Phase 1 (before script): prerequisites check || target discovery

Phase 2 (after script): each tool output parsed by independent sub-agent:

  • parse tier1/pytest_benchmark.json
  • parse tier2/cachegrind_annotated.txt
  • parse tier2/callgrind_annotated.txt
  • parse tier3/massif.out
  • parse tier3/perf_stat.txt
  • parse tier4/objdump_*.txt

Phase 3: rubric dimensions scored independently in parallel.

Phase 4: prescriptions written independently per dimension.
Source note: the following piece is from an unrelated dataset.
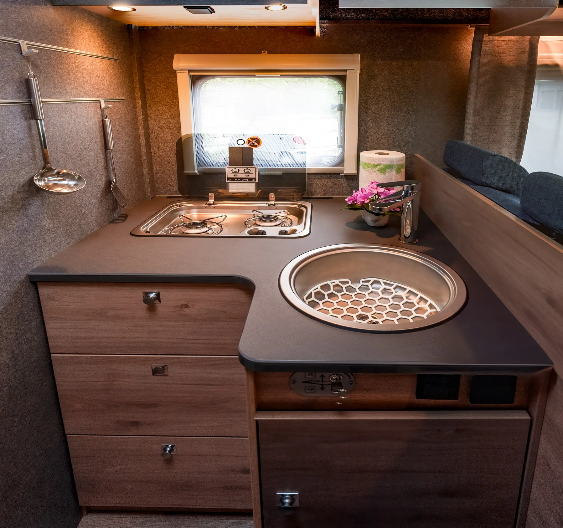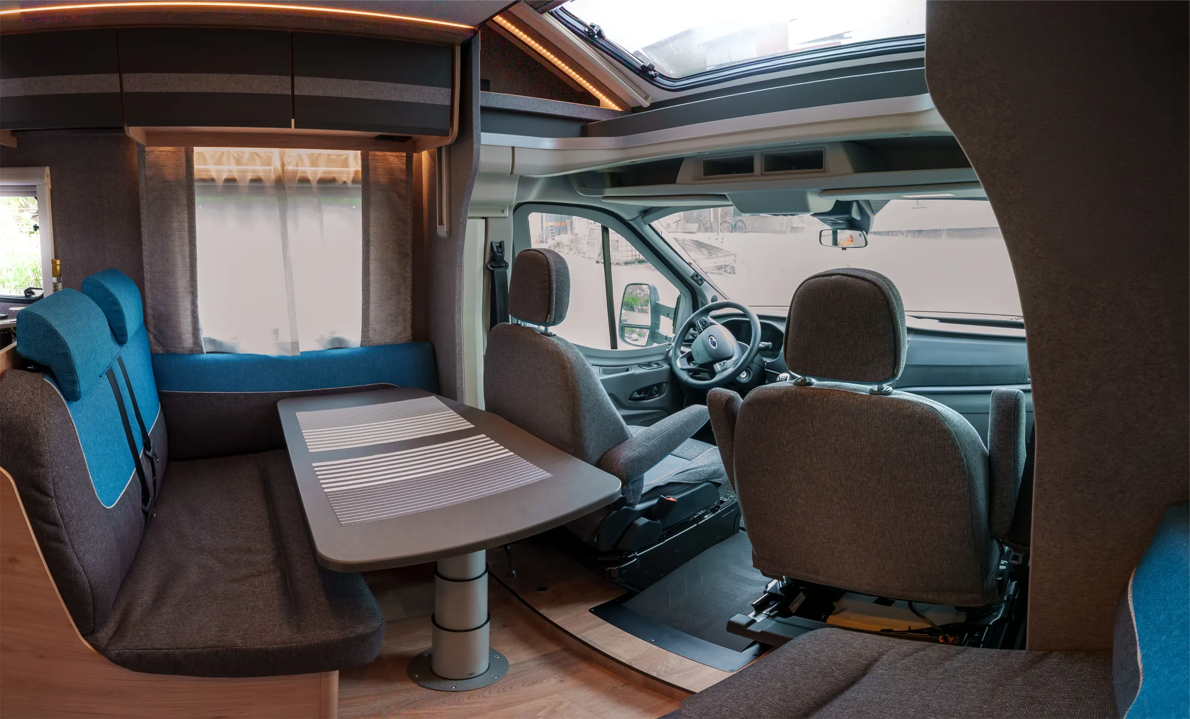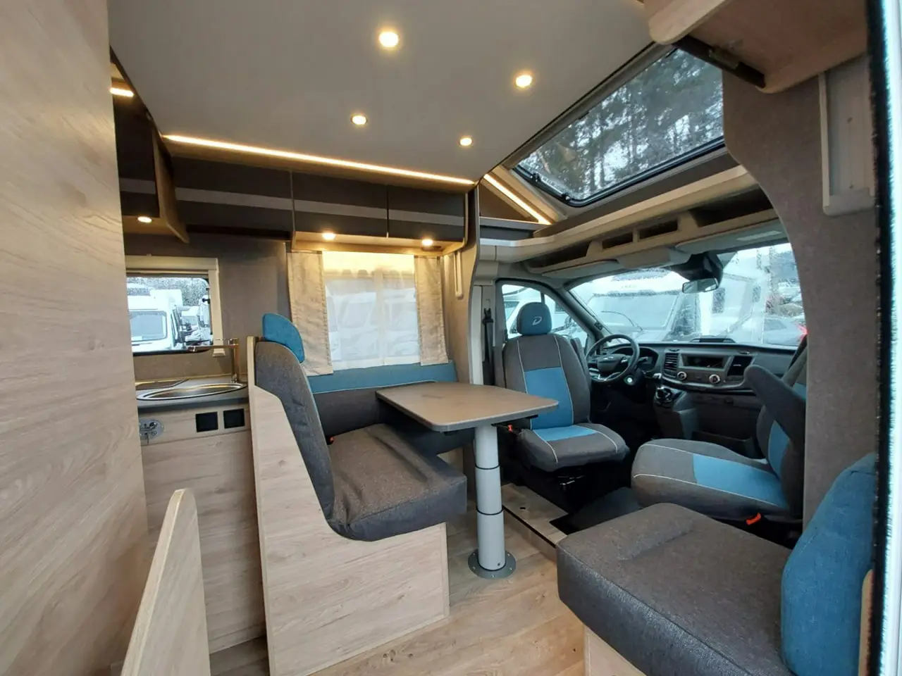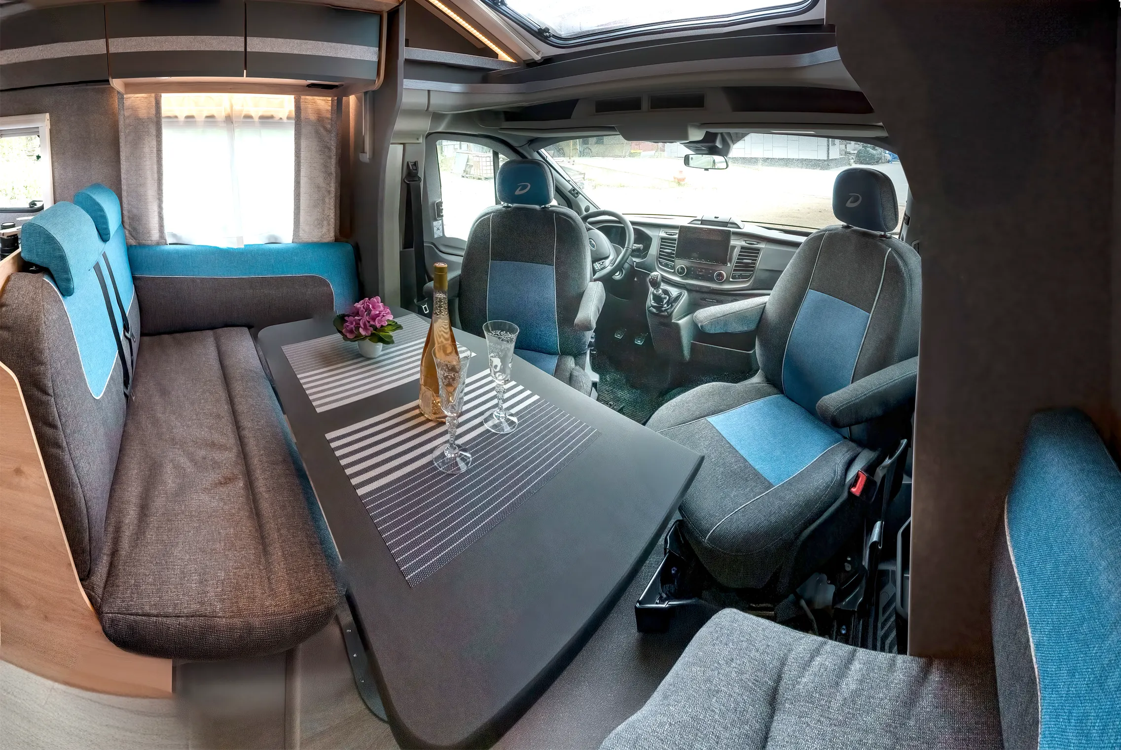 Niewątpliwą zaletą jest również wyposażenie w rolety we wszystkich oknach, co pozwala na pełne wyciemnienie pojazdu na czas snu. Dzięki temu niezależnie od tego, gdzie zaparkujesz, możesz liczyć na komfortowe warunki do wypoczynku. W części jadalnianej we wnętrzu auta zmieści się nawet 6 osób, więc możesz zaprosić kogoś na wspólny posiłek. Ponadto siedziska są naprawdę wygodne, a okno dachowe typu panorama umożliwia cieszenie się widokiem spadających gwiazd z wnętrza samochodu kempingowego.

Sub-agents return structured findings matching references/finding-schema.json.

Framework-Specific Notes

  • Numba: Pass --env NUMBA_DISABLE_JIT=1 for coverage; omit for actual JIT benchmarks.
  • ctypes/CFFI: C extensions loaded via Python — use --source-prefix to filter Valgrind noise.
  • Standalone C: Use --binary ./path/to/program to skip Python entirely.
  • Hybrid CPUs (Intel Alder/Raptor Lake): cachegrind simulates P-core cache hierarchy.

Quick Reference

# Fast check (seconds)
python scripts/perf_benchmark_pipeline.py --root . --out-dir /tmp/b --tier fast --target "python -m benchmark_entrypoint {SIZE}" --sizes 10000,100000

# Medium with source filtering
python scripts/perf_benchmark_pipeline.py --root . --out-dir /tmp/b --tier medium --target "./path/to/benchmark {SIZE}" --source-prefix path/to/source/ --sizes 10000,100000

# Deep with regression baseline
python scripts/perf_benchmark_pipeline.py --root . --out-dir /tmp/b --tier deep --target "./path/to/benchmark {SIZE}" --baseline /path/to/previous/benchmark_summary.json --sizes 10000,100000

# Deep with opt-in native hotspot sampling
python scripts/perf_benchmark_pipeline.py --root . --out-dir /tmp/b --tier deep --target "./path/to/benchmark {SIZE}" --sizes 10000,100000 --perf-record

# ASM audit for C binary
python scripts/perf_benchmark_pipeline.py --root . --out-dir /tmp/b --tier asm --binary ./path/to/program --asm-audit

References

  1. references/rubric.md: 7-dimension scoring rubric.
  2. references/tool-guide.md: tool selection decision tree.
  3. references/asm-checklist.md: 6-pattern ASM reading guide.
  4. references/question-bank.md: performance audit questions.
  5. references/finding-schema.json: sub-agent return format.
  6. references/sample-report.md: annotated example output.

Known Limitations

  • Valgrind cachegrind simulates 2-level cache (L1 -> LL). No separate L2.
  • Valgrind adds 20-50x slowdown. Use --valgrind-size for large inputs.
  • perf stat requires perf_event_paranoid <= 1.
  • --perf-record is opt-in and also requires perf_event_paranoid <= 1.
  • tracemalloc is Python-only. C memory uses massif exclusively.
  • Dimension 0 requires benchmarks at >= 2 input sizes.
  • callgrind heuristics cannot determine argument identity (memoization needs manual check).